Riverside County health officials report first pediatric case of Monkeypox) in county
A child from western Riverside County is the first pediatric case of MPX (Monkeypox) in the county, according to local health officials.
The child, who is less than 10 years old, did not require hospitalization and is recovering at home. Officials from Riverside University Health System-Public Health were notified this week about the preliminary positive test results and are trying to determine the source of the infection.
“This case reminds everyone that MPX can impact anyone, regarding of age, gender or sexual orientation,” said Dr. Geoffrey Leung, public health officer for Riverside County.
Riverside County has reported about 256 probable/confirmed MPX cases in the county, the majority coming from the Coachella Valley. There have been a handful of cases reported in women.
In California, seven people under the age of 16 have tested positive for monkeypox, according to the state public health department.
There have been 256 confirmed and probable cases reported in Riverside County since the beginning of the pandemic, with four more reported Friday. A majority of cases have been among the 35 to 44 age group locally.
The cities in Riverside County with the most cases are Palm Springs (123), Cathedral City (34), Riverside (19), Desert Hot Springs (13), Corona (eight), Moreno Valley (seven), Palm Desert, Perris and Rancho Mirage (six each), and Indio (five), according to the county’s monkeypox dashboard.
Palm Springs area is at high risk given its large number of LGBTQ+ residents and tourists, according to health officials. The virus can infect anyone, but during the current U.S. outbreak, it has disproportionately affected men who have sex with men, a group that includes people who identify as gay, bisexual, transgender and nonbinary.
Symptoms can occur five to 21 days after exposure, and include fever, headache, muscle aches, swollen lymph nodes, rash and lesions often in the genital and perianal region. Illness typically lasts for two to four weeks.

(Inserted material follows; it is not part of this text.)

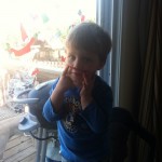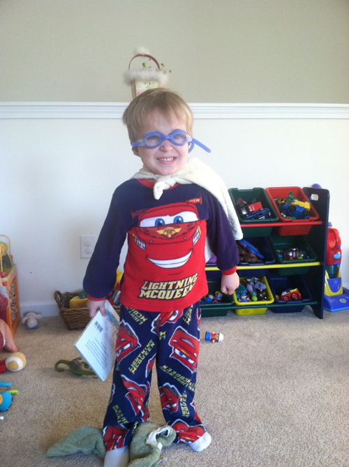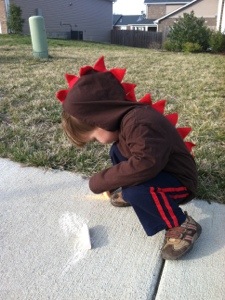 Here’s Xander in the dinosaur hoodie I made him for Christmas!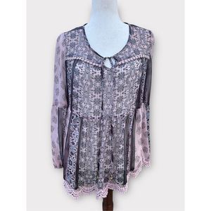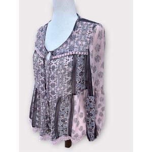 Knox Rose Womens Blouse Peplum Long Sleeve Floral Multicolor Small

Monkeypox spreads primarily through direct contact with infectious sores, scabs, or body fluids, including during sex, as well as activities like kissing, hugging, massaging, and cuddling. Monkeypox can spread through touching materials used by a person with monkeypox that haven’t been cleaned, such as clothing and bedding. It can also spread by respiratory secretions during prolonged, close, face-to-face contact.
Health officials remind residents there are several ways to protect themselves from MPX, including:
- Avoiding close contact with people with symptoms like sores or rashes
- Practicing good hand hygiene
- Using appropriate personal protective equipment (PPE) (like a mask, gown, and gloves) when caring for others with symptoms
- Avoiding contact with infected materials contaminated with the virus
- People who become infected should isolate until their symptoms are improving or have gone away completely. Rash should always be well covered until completely healed.